Q: Does the certificate update impact WSUS server or client? 
A: Customers should download the update and assess its impact on their environments. The update will affect WSUS only if the private PKI environment is configured with a 512-bit key. This is not a default scenario, but could be configured. Please see the security advisory or KB article on how to enable logging to identify these certificates in the environment. Additionally, the SRD blog has good information about how to configure the update to enable logging.

Q: With MS12-062, will there be any change required for the Configuration Manager clients?
A: No change is required for clients.

Q: On Windows Malicious Software Removal Tool - September 2012 (KB890830) – Internet Explorer Version; what is this version, how is it used?
A: KB890830 is the monthly update to MSRT, our Malicious Software Removal Tool. For complete information on MSRT, including the complete list of families it cleans and a link to the download site, please see the MSRT page at the Microsoft Safety and Security Center.

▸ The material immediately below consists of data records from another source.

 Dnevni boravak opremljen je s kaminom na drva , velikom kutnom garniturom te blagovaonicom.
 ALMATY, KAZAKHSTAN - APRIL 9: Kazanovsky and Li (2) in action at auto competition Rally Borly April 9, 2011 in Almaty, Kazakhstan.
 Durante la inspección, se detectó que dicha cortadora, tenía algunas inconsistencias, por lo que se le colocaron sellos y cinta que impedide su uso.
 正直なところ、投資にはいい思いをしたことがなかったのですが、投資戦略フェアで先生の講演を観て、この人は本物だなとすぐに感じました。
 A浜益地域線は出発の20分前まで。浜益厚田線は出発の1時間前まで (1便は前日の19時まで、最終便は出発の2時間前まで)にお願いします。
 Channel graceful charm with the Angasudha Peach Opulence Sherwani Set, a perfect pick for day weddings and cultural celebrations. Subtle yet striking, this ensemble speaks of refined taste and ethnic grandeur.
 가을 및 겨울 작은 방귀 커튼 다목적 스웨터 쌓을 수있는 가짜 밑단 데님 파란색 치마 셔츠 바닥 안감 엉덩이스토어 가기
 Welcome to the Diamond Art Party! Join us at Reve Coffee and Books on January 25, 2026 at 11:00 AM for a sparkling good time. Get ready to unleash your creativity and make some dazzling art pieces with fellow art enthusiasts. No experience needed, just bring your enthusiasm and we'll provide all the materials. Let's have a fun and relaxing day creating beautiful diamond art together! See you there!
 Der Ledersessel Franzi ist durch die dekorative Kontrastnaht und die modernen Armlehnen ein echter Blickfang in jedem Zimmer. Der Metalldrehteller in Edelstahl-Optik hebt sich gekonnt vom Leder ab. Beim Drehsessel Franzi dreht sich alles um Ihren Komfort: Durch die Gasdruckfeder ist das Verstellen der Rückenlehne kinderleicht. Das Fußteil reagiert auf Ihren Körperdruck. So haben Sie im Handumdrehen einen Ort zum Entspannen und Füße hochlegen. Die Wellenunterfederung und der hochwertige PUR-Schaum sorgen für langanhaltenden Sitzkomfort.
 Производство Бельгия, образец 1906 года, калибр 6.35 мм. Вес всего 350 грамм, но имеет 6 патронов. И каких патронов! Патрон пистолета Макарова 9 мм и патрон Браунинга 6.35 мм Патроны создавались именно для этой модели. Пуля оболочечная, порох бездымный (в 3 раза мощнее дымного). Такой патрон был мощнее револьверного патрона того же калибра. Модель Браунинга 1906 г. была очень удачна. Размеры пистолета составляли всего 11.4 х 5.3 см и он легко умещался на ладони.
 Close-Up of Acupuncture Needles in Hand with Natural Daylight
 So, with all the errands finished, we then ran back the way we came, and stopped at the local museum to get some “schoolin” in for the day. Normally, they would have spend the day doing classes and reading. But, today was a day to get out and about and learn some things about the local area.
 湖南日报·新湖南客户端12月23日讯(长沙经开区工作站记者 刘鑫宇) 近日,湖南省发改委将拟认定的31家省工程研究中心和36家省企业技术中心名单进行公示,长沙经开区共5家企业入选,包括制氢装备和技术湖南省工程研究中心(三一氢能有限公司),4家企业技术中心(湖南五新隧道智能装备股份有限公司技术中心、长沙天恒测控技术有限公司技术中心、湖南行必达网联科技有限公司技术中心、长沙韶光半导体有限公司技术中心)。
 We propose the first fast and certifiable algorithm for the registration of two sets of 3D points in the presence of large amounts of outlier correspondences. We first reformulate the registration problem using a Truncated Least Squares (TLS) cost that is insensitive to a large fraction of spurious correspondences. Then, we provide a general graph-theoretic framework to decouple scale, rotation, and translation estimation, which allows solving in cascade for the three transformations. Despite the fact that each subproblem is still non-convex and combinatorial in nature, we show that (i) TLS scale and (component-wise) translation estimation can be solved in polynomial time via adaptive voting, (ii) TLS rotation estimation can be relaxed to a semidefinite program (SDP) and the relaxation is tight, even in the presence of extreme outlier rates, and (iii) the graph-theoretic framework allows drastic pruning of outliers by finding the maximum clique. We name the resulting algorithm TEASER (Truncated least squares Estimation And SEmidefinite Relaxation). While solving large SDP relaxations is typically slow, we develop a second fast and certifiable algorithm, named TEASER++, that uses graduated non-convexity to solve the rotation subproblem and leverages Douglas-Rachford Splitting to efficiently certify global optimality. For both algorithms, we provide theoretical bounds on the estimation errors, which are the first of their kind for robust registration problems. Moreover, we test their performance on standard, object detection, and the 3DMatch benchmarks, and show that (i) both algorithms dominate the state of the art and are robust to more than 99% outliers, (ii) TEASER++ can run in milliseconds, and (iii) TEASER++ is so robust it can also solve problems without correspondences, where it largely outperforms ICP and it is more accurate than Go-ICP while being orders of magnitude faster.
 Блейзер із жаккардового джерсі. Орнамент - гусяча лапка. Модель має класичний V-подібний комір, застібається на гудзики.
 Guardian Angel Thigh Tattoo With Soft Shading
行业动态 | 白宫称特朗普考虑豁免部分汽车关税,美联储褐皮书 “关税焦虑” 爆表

Q: It was mentioned that there is no impact for consumers or client systems. Yet I did have some client computers install updates and prompt for a reboot. Why did that happen?
A:
While there are no security updates for consumer/client computers this month, there may be non-security updates offered to some clients systems. One or more of these may have reboot implications for consumer/client systems. 

Q: I suggest that you mention that the Microsoft update site can update the WSUS client, such that the client can no longer communicate with the customer's WSUS Server.
A: The reference was meant towards our response to the certificates issue that is described Security Advisory 2718704, which required an update to both the WSUS infrastructure and the WU client. The server side update is discussed in KB2720211 and the client side update is addressed in KB949104. IT is possible to update a client system before the server is updated, which could temporarily cause a service disruption that would be immediately resolved once the server side update is applied. This issue was also discussed on the MSRC, SRD, WSUS, and MU blogs.

Q: System Center Configuration Manager 2007 R2 and R3 installations require SP2 to be installed - were you stating then that SP2 with NO R2 or R3 addons is the vulnerable version, or all installations WITH SP2 R2 or R3? Also, Since we are unable to scan to determine applicability, is it applicable to all System Center Configuration Manager clients?
A: Configuration Manager SP2 with or without R2/R3 is vulnerable.  SMS 2003 with or without R2 is vulnerable.  Please note that R2 can be installed on SP1.  If you have SP1 you should update to SP2 and make sure you are appropriately updated.  These security updates are server side updates.  They should be installed on all site servers.  They do not apply to administrator consoles or clients.  We will revise the Bulletin to remove R2/R3 applicability to minimize confusion.

Q: Does this update replace the Cumulative Security Update of ActiveX Kill Bits (2618451)? 
A:
No. For the purpose of automatic updating, this update does not replace the Cumulative Security Update of ActiveX Kill Bits (2618451) that is described in Microsoft Security Bulletin MS11-090. Automatic updating will still offer the MS11-090 update to customers regardless of whether or not they installed that update (2736233). However, customers who install this update (2695962) do not need to install the MS11-090 update to be protected with all the kill bits set in MS11-090.